According to a report by the Financial Times, the UAE issued what was described as a “shock request” for repayment of $3.5 billion at a time when Pakistan was grappling with severe economic challenges and depending on a $7 billion bailout program from the International Monetary Fund.
Pakistan went on to return approximately $3.45 billion, a step that threatened to deplete nearly 20 percent of its foreign currency reserves, which stood at about $16 billion, based on various reports.
Although Pakistani officials publicly characterized the move as a “routine financial transaction,” analysts and regional experts argue that the timing suggests a political motive rather than a standard financial procedure.
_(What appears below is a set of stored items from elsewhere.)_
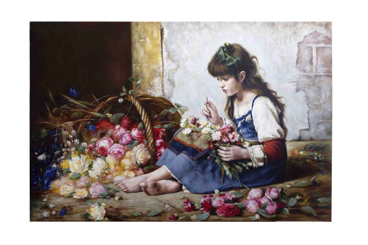 “Girl with Flowers” is a captivating painting by Alexei Alexeievich Harlamoff, who was celebrated for his portraits and genre scenes depicting children and young women. His work seamlessly blended academic training with the influence of the French Impressionist movement, resulting in compositions filled with warmth, tenderness, and innocence.
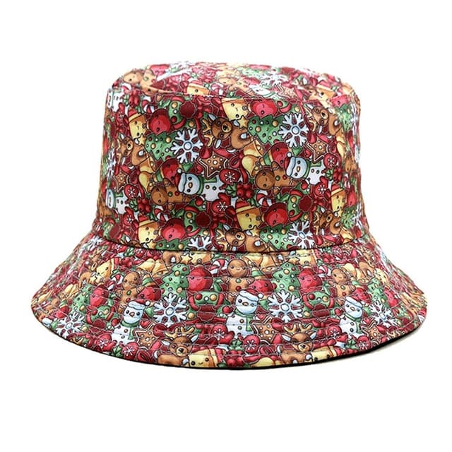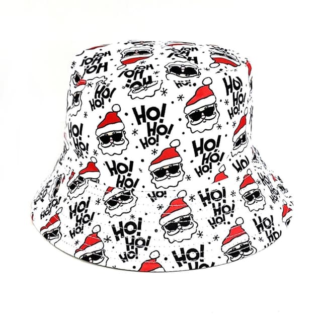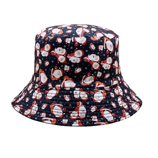 Julenissens sammenleggbare bøttehatt Vendbar fiskerlue Hodeplagghatt Julemotiv
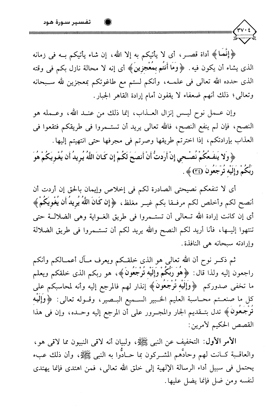 (وَلَا يَنْفَعُكُمْ نُصْحِي إِنْ أَرَدْتُ أَنْ أَنْصَحَ لَكُمْ إِنْ كَانَ اللَّهُ يُرِيدُ أَنْ يُغْوِيَكُمْ هُوَ رَبُّكُمْ وَإِلَيْهِ تُرْجَعُونَ (34)
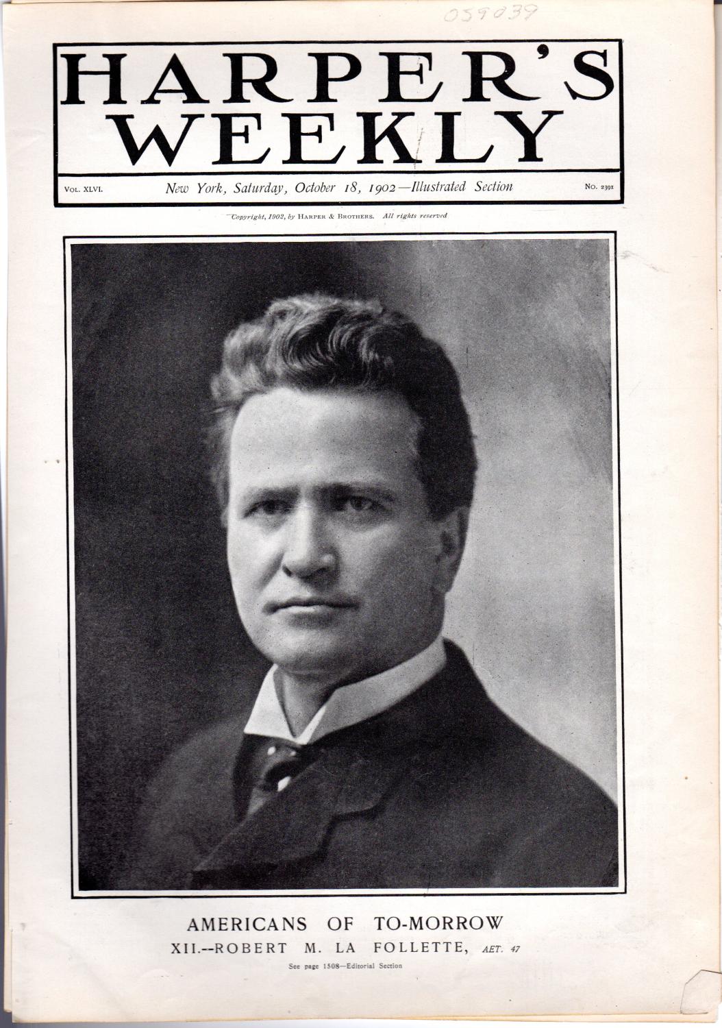 PRINT: "Americans of Tomorrow: Robert M. La Follette".photoengraving from Harper's Weekly, October 18, 1902
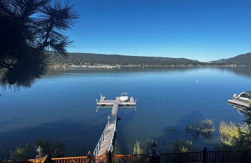 Rustic Elegance meets Mountain Charm: One of the most spectacular locations in all of Big Bear! 5 bedroom & 4.5 bath, located directly on the Lake at Eagle Point, with expansive 180 degree west-facing views of the lake, mountains, and our fabulous year-round sunsets. Features custom Timber Frame log construction with incredible details throughout. Wrap-around view deck flows to a beautiful staircase leading to the lake. 5 Star rustic elegance throughout. With superior craftsmanship in this Lakefront estate, you’ll enjoy Big Bear Lake in grand style. Plus private boat dock available during the summer months (May-October) and the lake is ready for your water adventures on Eagle Point. Bring the family and work remotely from the mountains. Trade the back-to-school blues with the tranquility of breathtaking lake views. The first half of the day you can perch with your laptop looking across the peaceful lake and mountains...the rest of the afternoon is yours to take advantage of California's endless summer style. Plenty of hours left to hike, bike, boat, kayak or just relax dockside under a million stars at night. We have bikes and kayaks, PDFs and more, just ask and we'll find a way to accommodate you.
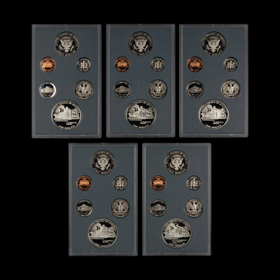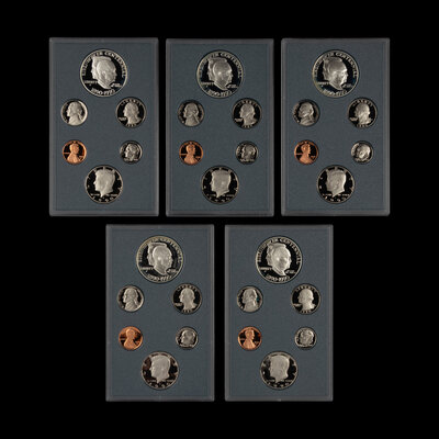 A Group of Five 1990 Prestige Six-Coin Proof Sets
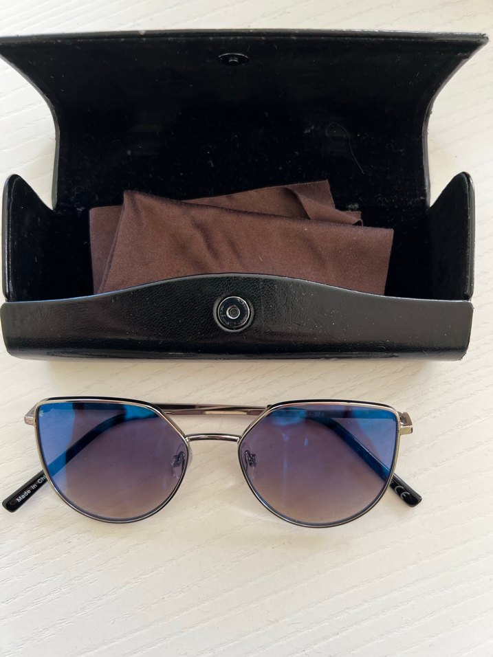 Mavi camlı, tokalı çerçeveli kadın güneş gözlüğü, modern klasik tarzda zarif bir görünüm sunar. Siyah kılıf ve temizleme bezi ile birlikte gelir. ️
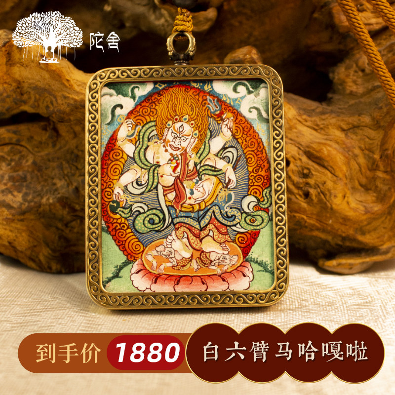 White Six Arm Maha Galla Donka Pendant Gau Box Pure Hand Painted Tibet This Life Buddha's Bodhisattva Treasures Yellow Treasure Yellow Treasure Trombera
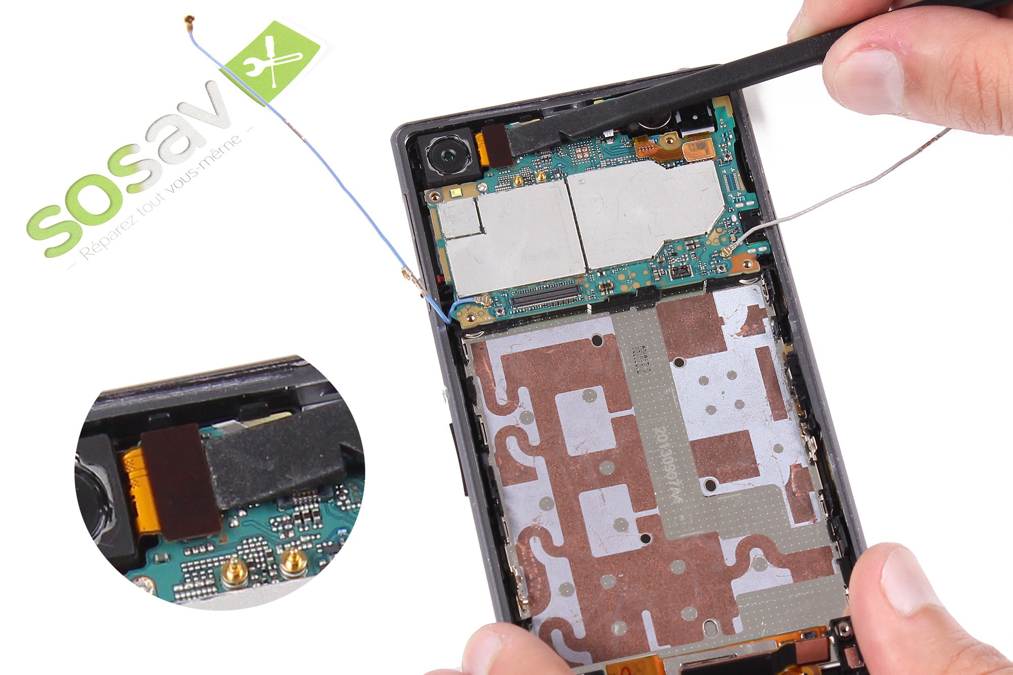 Terminez le décollement de la nappe de liaison gauche en utilisant la spatule en nylon.Saisissez ensuite la nappe via la pince puis procédez à son retrait.
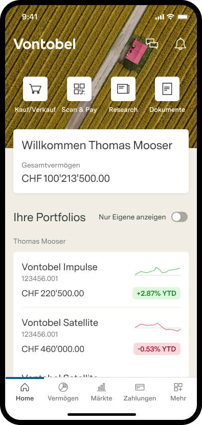 Die mobile App von Vontobel Wealth ist Ihre sichere E-Banking-Lösung für eine effiziente Vermögensverwaltung. Sie bietet Ihnen jederzeit und überall elektronischen Zugriff auf Ihre Bankunterlagen und wichtige Dienstleistungen. Dank ihres intuitiven Designs und der optimierten Navigation war die Verwaltung Ihrer Finanzen von unterwegs noch nie so einfach.
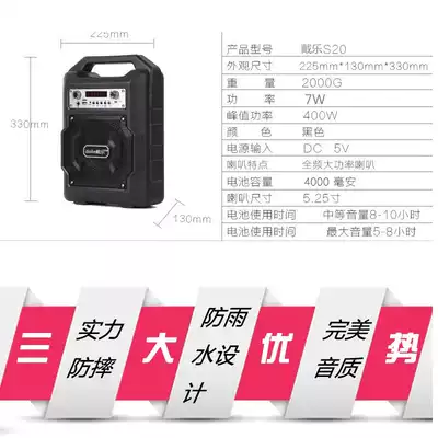Daile S20 stall audio rain-proof and fall-proof shop promotion portable Bluetooth square dance wear-resistant high-power bass
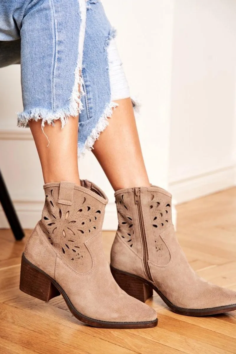 Botki to nie tylko buty na chłodne dni. Świetnie sprawdzą się również podczas tworzenia wiosennych stylizacjach. Botki posiadają zamek z boku cholewki ułatwiający zakładanie. W całości wykonane ze skóry zamszowej, co gwarantuje nam komfort oraz wysoką jakość wykonania. Idealne do zwiewnych sukienek oraz jeansowych spodni. Przy wyborze rozmiaru prosimy sugerować się tabelą rozmiarów.

Officials in Abu Dhabi are believed to have been displeased with Pakistan’s attempt to position itself as a neutral intermediary in the U.S.-Israel confrontation with Iran, an approach the UAE reportedly viewed unfavorably.
“There’s no neutrality in this,” said Neil Quilliam of Chatham House, noting the UAE sees the conflict in stark terms, with little room for middle-ground diplomacy, Financial Times reported.
From the Emirati perspective, efforts at mediation may be interpreted as a lack of clear alignment.
The Times of India noted that the repayment highlights how closely Pakistan’s financial stability is tied to shifting geopolitical dynamics.
The loans in question were first extended in 2019 and had routinely been rolled over, making the sudden demand for repayment particularly destabilizing.
The repayment also risked complicating Pakistan’s commitments under its IMF agreement, which requires the country to raise its reserves beyond $18 billion.
Economic analysts caution that without new inflows of capital, the move could weaken the Pakistani rupee and further exacerbate the country’s financial instability.
At the same time, broader tensions within the Gulf region may have played a role in the development.
Relations between Saudi Arabia and the UAE have cooled in recent years, including disagreements over the conflict in Yemen.
Pakistan’s increasing alignment with Saudi Arabia, including a mutual defense agreement signed last year, has reportedly added another layer of tension with the UAE.
In response to the financial pressure, Saudi Arabia moved quickly to support Pakistan, depositing $3 billion and offering an additional $5 billion facility.
While this assistance allowed Pakistan to meet immediate obligations, it also underscores a growing reliance on Saudi backing—one that experts warn could become problematic if Riyadh faces economic constraints of its own.
Meanwhile, The South China Morning Post reported that public opinion in the UAE shifted sharply against Pakistan during the Iran conflict.
Social media criticism questioned Islamabad’s stance, with users asking, “Where do you stand?”
Such reactions are widely viewed as reflecting deeper dissatisfaction at official levels.
Despite the tensions, both governments have attempted to minimize the perception of a lasting dispute.
Pakistani officials have insisted there is “no gap” in ties, while commentators in the UAE have suggested that relations could stabilize over time.
Still, the episode serves as a clear reminder that Pakistan’s economic stability remains heavily dependent on external partners, leaving it exposed to geopolitical pressures during times of crisis.